I can't understand why generative models make repetitions

The screenshot is the bloom output with a prompt “Please unscramble the letters into a word, and write that word:\nr e!c.i p r o.c a/l =”. (Bloom Book - a Hugging Face Space by bigscience, 2022-06-16, the frist sentence)

I think it makes sense that the model infers ‘The word is “RECIPROCAL”.\nThe’ after the prompt.

But what I can’t understand is why the token ‘word’ is the best choice for a next token after “Please unscramble the letters into a word, and write that word:\nr e!c.i p r o.c a/l = r e!c.i p r o.c a/l\nThe word is “RECIPROCAL”.\nThe”

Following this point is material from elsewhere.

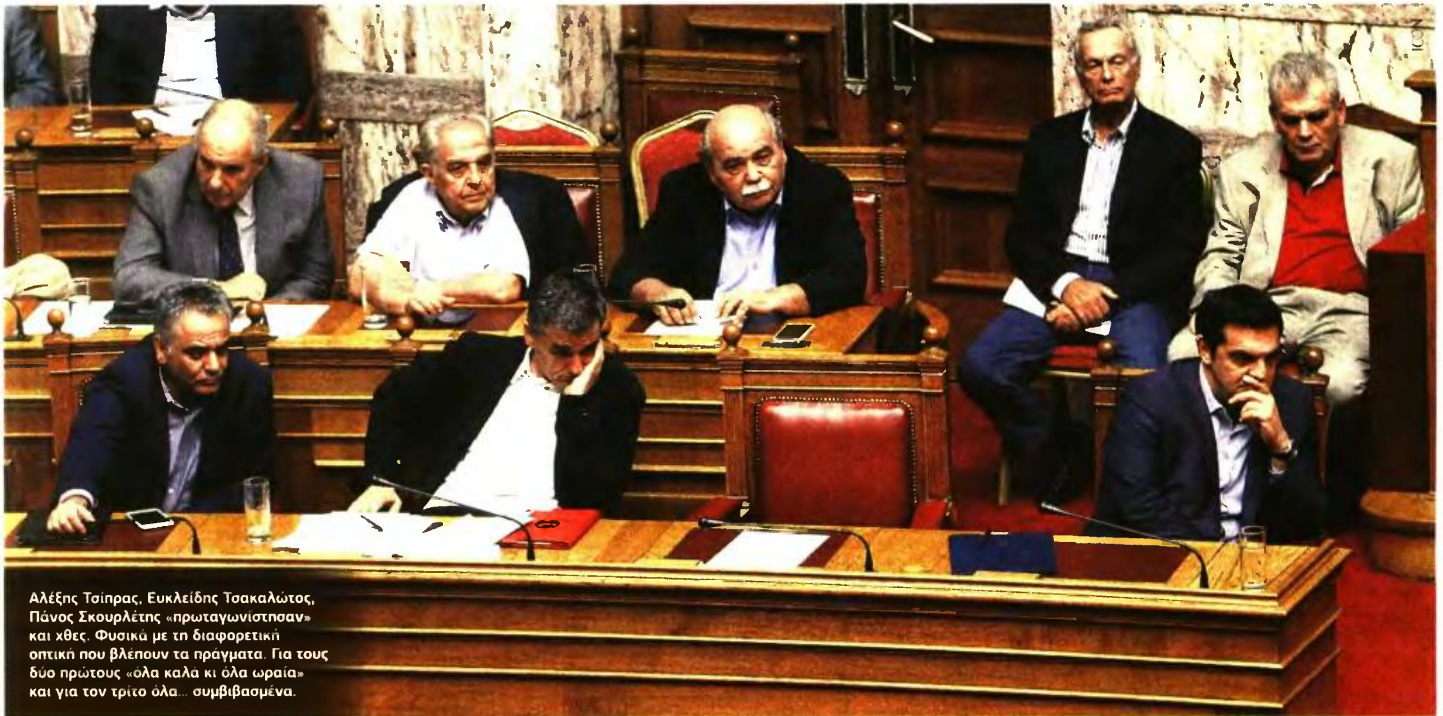
Αλέξης Τσίπρας, Ευκλείδης Τσακαλώτος, Πάνος Σκουρλέτης «πρωταγωνίστησαν» και «χτες». Φυσικά με τη διαφορετική οπτική που βλέπουν τα πράγματα. Για τους δύο πρώτους «όλα καλά κι όλα ωραία» και για τον τρίτο όλα... συμβιβασμένα.

ΟΜΟΛΟΓΙΑ ΣΚΟΥΡΛΕΤΗ ΤΗΝ ΩΡΑ ΠΟΥ Η ΚΥΒΕΡΝΗΣΗ ΜΙΛΑΕΙ ΓΙΑ ΔΙΑΦΑΙΝΟΜΕΝΗ ΑΝΑΠΤΥΞΗ!

This is unreasonable because in training dataset, I believe this type repetition is a rare case. Obviously, sequences after second 'word' barely occur in training dataset.

So, my question is
even if repetition of tokens (words, or sentences) is a rare case in datasets, why model acts like repetition is the best case.

This is a very common issue in NLG, repetition and hallucinations are two of the biggest problems in NLG. These problems are not “solved” and are likely inherent to the probabilistic nature of language models. There is a lot of related work on this so if you just search for “natural language generation repetition” you’ll come across a lot of literature. Here is a start.

1 Like


Thanks for reply!

I’ve read a few papers, I am still curious about token repetition.

As mentioned in the nucleus sampling paper, the probability of a repeated phrase increases with each repetition.

It is easy to see this behavior in many generation models if check probabilities of repetition tokens.

What mechanisms help the generation models to provide positive feedback to the repeated phrase and give high probabilities to some of input tokens?